Using Windows Virtual Desktop For Secure Remote Working
by TUCU Managed IT Services in Toronto
Despite being one of the dominant trends for the past year, remote working is still a complicated issue for many employers. There are different technologies involved, different vendors, and numerous configurations that affect the total cost as well as the effort required to deploy that solution.
Even the most popular remote working options such as Virtual Desktop aren’t always an obvious choice. Making things worse is the amount of noise available online regarding the implementations of these solutions.
So with the help of our in-house cloud engineers, we’re going to answer three questions regarding Windows Virtual Desktop that will help employers make the right call:
- What exactly is Windows Virtual Desktop and how does it work?
- When is the right time to deploy Windows Virtual Desktop?
- What is the best way to deploy Windows Virtual Desktop in 2021?
If you are a technician looking to deploy your own VDI for your organization, check out Christiaan Brinkhoff's Windows Virtual Desktop deployment guide.
Understanding Windows Virtual Desktop
There are many misconceptions surrounding what Windows Virtual Desktop is and what it can be used for - so let’s start there.
The main concept behind desktop virtualization is that traditionally, files and applications are tied to specific hardware (the hard drive in your work computer, for instance). This means that in order to access those files and apps, you must be able to access that specific computer. Windows Virtual Desktop eliminates this limitation by decoupling apps and data from specific hardware and thus allowing employees to access the information they need from anywhere.

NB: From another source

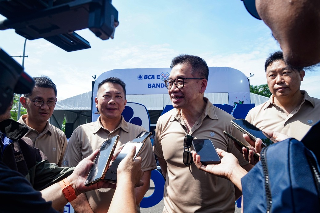 Excites Bandung with Spectacular Promos at BCA Expoversary Bandung 2024 - BCA Director Haryanto T. Budiman (second right) with BCA EVP of Consumer Loan Welly Yandoko (left), BCA Head of Regional Office I Weminto Suryadi (second left), and BCA Head of Bandung Consumer Credit Office Kakan Handoko (right) receiving media interviews after the opening ceremony of BCA Expoversary Bandung 2024 at Kota Baru Parahyangan (2/3). The event, which runs from 2 to 3 March 2024, features attractive promos ranging from 2.67% eff.p.a fixed 1-year interest rate for mortgage, to 0% DP for vehicle loans (KKB) and motorcycle financing (KSM).
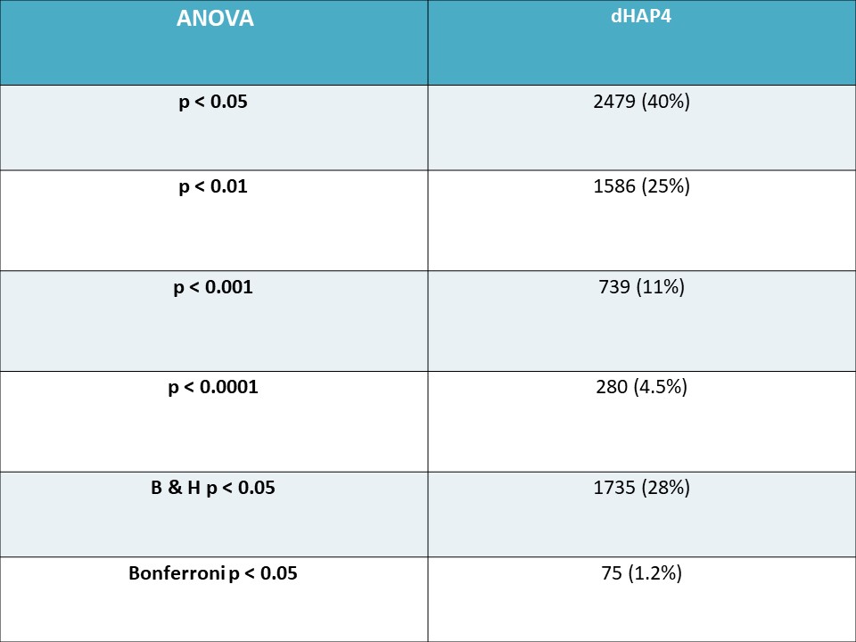Table 1: The number and percentage of dHAP4 genes found using unadjusted p-values and corrected p-values using the methods of Benjamini & Hochberg p-value Correction and Bonferroni and p-value Correction.

In practice, this works through Microsoft’s global cloud platform, Azure which provides the storage and computing required to create a fully-functional simulation of a Windows environment. This simulation runs Windows and all of its applications the same way you would on any computer. The simulation is then streamed to any Windows, macOS, iOS, and Android device around the world. Employees can even use Windows Virtual Desktop through any modern web browser.
Apart from the obvious benefit of providing quick and easy access to important apps and documents, Windows Virtual Desktop becomes a crucial tool for centralizing security and reducing IT support overhead as a business only needs to virtualize one desktop for hundreds of employees. We’ll explore the benefits and use cases of Windows Virtual Desktop in the next section but before that, we must answer an important question: how is Windows Virtual Desktop secure?
A Windows Virtual Desktop is far more secure than most other remote working arrangements as it decouples apps and data from an employee’s personal hardware. Instead of copying data to a personal computer, employees simply stream information from a secure cloud server. This reduces the risk of critical business information being stored anywhere but on a secure, remote server.
Benefits of Windows Virtual Desktop
Traditionally, creating desktop virtualization similar to Windows Virtual Desktop would require the IT team to set up and manage the gateway, broker, diagnostics, load-balancing, etc. And even then, it very likely won’t be as refined or reliable. On the contrary, Windows Virtual Desktop is a fully-managed service which means the platform takes care of various configurations and settings.
That said, while the deployment of WVD is much quicker, businesses will still require the support of an IT team for changing configurations, staying compliant, updates, and other IT management functions. For this reason, TUCU, one of Canada’s top-rated IT solutions providers also helps businesses with ongoing WVD support after the initial deployment - learn more about our cloud IT management services here.
It’s also important not to mistake managed services for a lack of customizability. Windows Virtual Desktop runs on Azure which allows businesses to customize virtual machines (VMs) according to their workloads to ensure maximum efficiency.
Cross-platform native support
In your office, all work computers might be running a Windows operating system but employee’s personal devices might not. This would be a major obstacle for employees running macOS or a different version of Windows - but not with Windows Virtual Desktop. WYD has fully-featured native client support for not just Windows and Mac computers but also for Android, iOS, and HTML5 (modern web browsers).
More importantly, the user experience between an actual desktop and a virtual desktop is almost indistinguishable. The layout, controls, and personalization options are all the same across different platforms and applications perform just like local apps. Another underrated feature of Windows Virtual Desktop is the ability to save employee’s profile data on the cloud enabling apps like Outlook to open up with all data preloaded (emails, for instance) when the employee logs in.
This ensures that employees’ personal devices never become an obstacle between them and their job.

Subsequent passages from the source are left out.